Alfonso Ussía

El placer malvado

Era un 28 de junio. Caían sobre Madrid brasas invisibles. En el Club Financiero Génova, cima del edificio Colón sito en la misma plaza, hay una piscina. Había almorzado allí con Juan Garrigues Walker y su padre, Don Antonio. Los hijos se dirigían a su hacedor en la tierra con ese tratamiento, «Don Antonio», un personaje formidable el viejo embajador. Don Antonio nos propuso darnos un baño para conocer y experimentar «el placer malvado». Caían sobre Madrid golpes de fuego invisibles. La síntesis del placer malvado era ésa, tan sencilla. Mientras la humanidad se achicharraba en la calle, la piscina ofrecía un frescor diabólico, elitista y reconfortante.

Nada más maravilloso que contemplar el espectáculo blanco de una densa nevada desde un ventanal alumbrado por una chimenea. Crepita el tronco de la encina mientras tirita la encina inmediata, resistente en la dehesa. Tampoco está mal la visión de una playa abarrotada de homínidos en un día de calor sofocante desde un salón con aire acondicionado. Esa foca que se mueve, ese león marino que apura su refresco, ese largo paseo hacia una orilla del mar que se oculta en centenares de piernas. Y allí, arriba, el aire acondicionado, el gran invento del siglo XX, mucho mejor amigo que el perro. Porque el perro es el mejor amigo de un hombre, no del hombre, en tanto que el aire acondicionado no desea morder a nadie. Sirve y obedece a quien aprieta el botón, sencillamente.

Escribo desde el norte. Día mojado, de lluvias intensas y arrogantes. Se oye la fuerza de la mar a tres kilómetros de distancia. Tengo unos parientes que viven en una preciosa casa costera, a la entrada de Comillas por Santillana del Mar, en el Puente Portillo. Cuando el Cantábrico se revuelve, grita y enardece, las olas superan la altura de la casa y entran impertinentes en los aposentos superiores. Me lo contaba uno de sus propietarios. «No es fácil compaginar una siesta con la novia con la inesperada presencia de un cangrejo en la cama». Pero he recordado el «placer malvado» de Don Antonio. Chuzos en punta y en todas las direcciones caían sobre mi valle. La cortina de agua acortaba la distancia de la vista. En la cortina, formando parte de ella, han surgido calados hasta los huesos dos ciclistas. He intentado ofrecerles el cobijo de mi techo, la tibieza de mi café y la paciencia de la espera. Han rechazado mi generosidad, y optado por seguir pedaleando. Con tristeza he comprendido que se ha apoderado de mí, durante unos segundos, el placer malvado. La calefacción en su punto, los rincones amados en su sitio, el hogar resguardado y los dos ciclistas haciendo el canelo, pedaleando rumbo a no se sabe dónde, porque en la tarde de hoy no había ni rumbo ni derrota por culpa del agua.

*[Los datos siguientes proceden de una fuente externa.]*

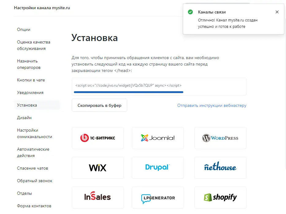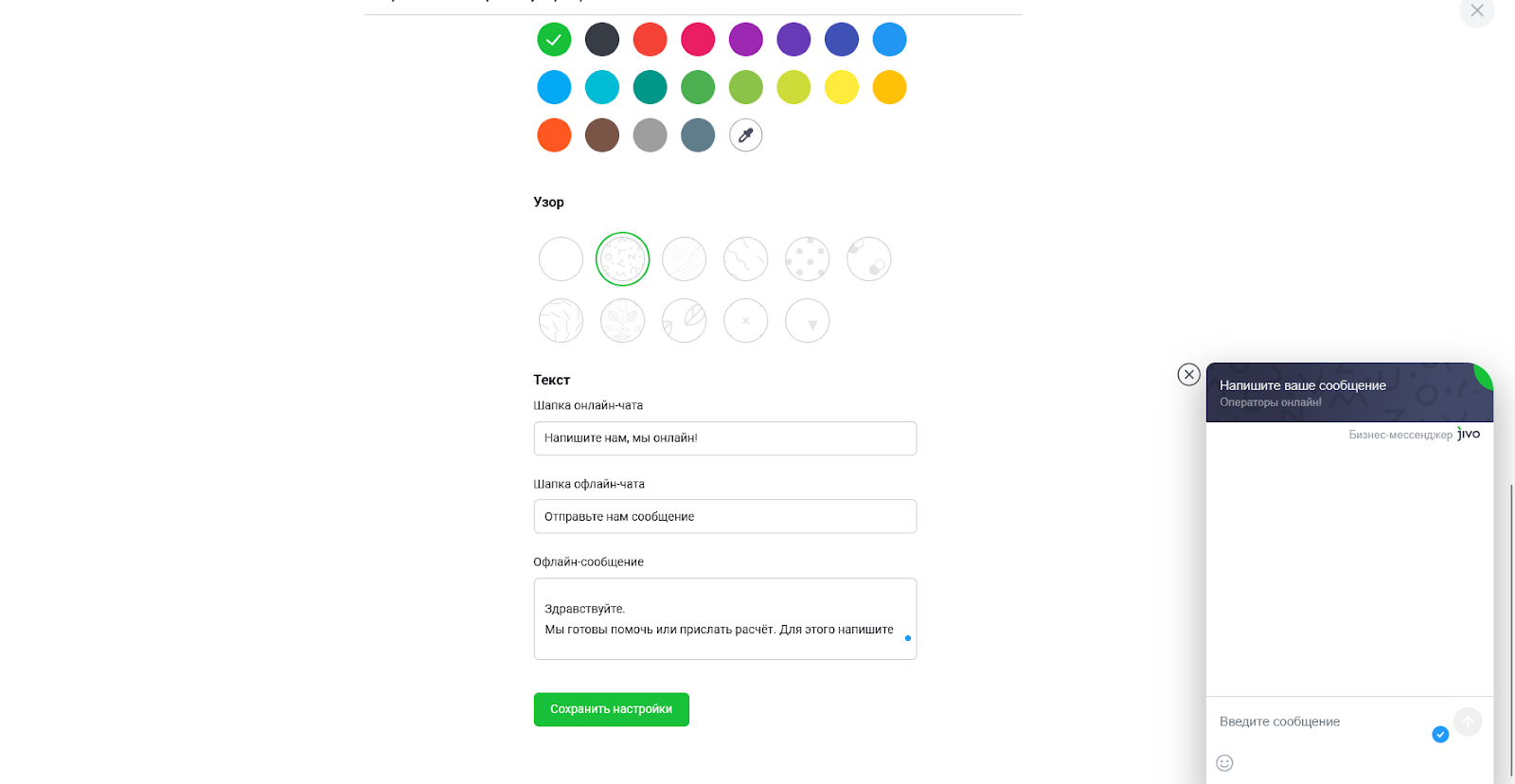 В качестве примера чата с живым оператором можно привести платформу Jivo. Она позволяет быстро установить на сайт специальный виджет для пользователей. Интеграция производится через вшивание в хэдер сайта специального скрипта и занимает несколько минут. В свою очередь оператору необходимо установить приложение сервиса, в котором он будет видеть сообщения и отвечать на них в реальном времени.

Y ayer, por la noche, otra visita del placer malvado. Un señor entrado en años y en carnes, acompañado de otros presumiblemente humanos de menor ciencia, saber y gobierno, hizo sonar el timbre de seguridad de mi casa norteña. En noviembre, a partir de las seis de la tarde la humedad del norte se hace notar y sentir. El hombre mayor y acompañado de menores se presentó con una máscara de bruja. Y me dijo algo del «Halloween». Le respondí con la distancia que toda persona debe establecer, por su seguridad, con un tipo vestido de bruja y con las piernas al aire, como si fueran las de Sharon Stone. Fui cortés pero implacable: «Perdón, pero en esta casa no celebramos esa gilipollez». La bruja se sintió azorada y azarada, más aún cuando uno de sus pequeños acompañantes le dijo en voz alta: «Papá, vamos a otra casa que en ésta no tenemos nada que hacer».

Vamos a ver. Que me expliquen el porqué del «Halloween» en España. De dónde viene ese entusiasmo. Y sobre todo, qué hace la humanidad otoñal participando en tan monumental tontería sin haber nacido en Dakota del Norte. Cerré la puerta y me puse a admirar, una vez más, la película que mejor resume el placer malvado, «Lawrence de Arabia». En el exterior, frío norteño y un idiota vestido de bruja. En el interior, el calor agobiante, terrible, del desierto rumbo a «Akabba» con los turcos despistados. Y pensando en el tonto del «Halloween», permítanme que lo escriba con la mayor cordialidad, disfruté del placer malvado y me entró la risa, mientras «Lawrence» era recibido en El Cairo como un héroe, allí en la Comandancia General del Ejército inglés. Una comandancia cálida y querida, por cuanto se filmó en la Capitanía General de Sevilla, en la Plaza de España. Y la bruja, helándose por los prados ateridos. El «Jalouwin».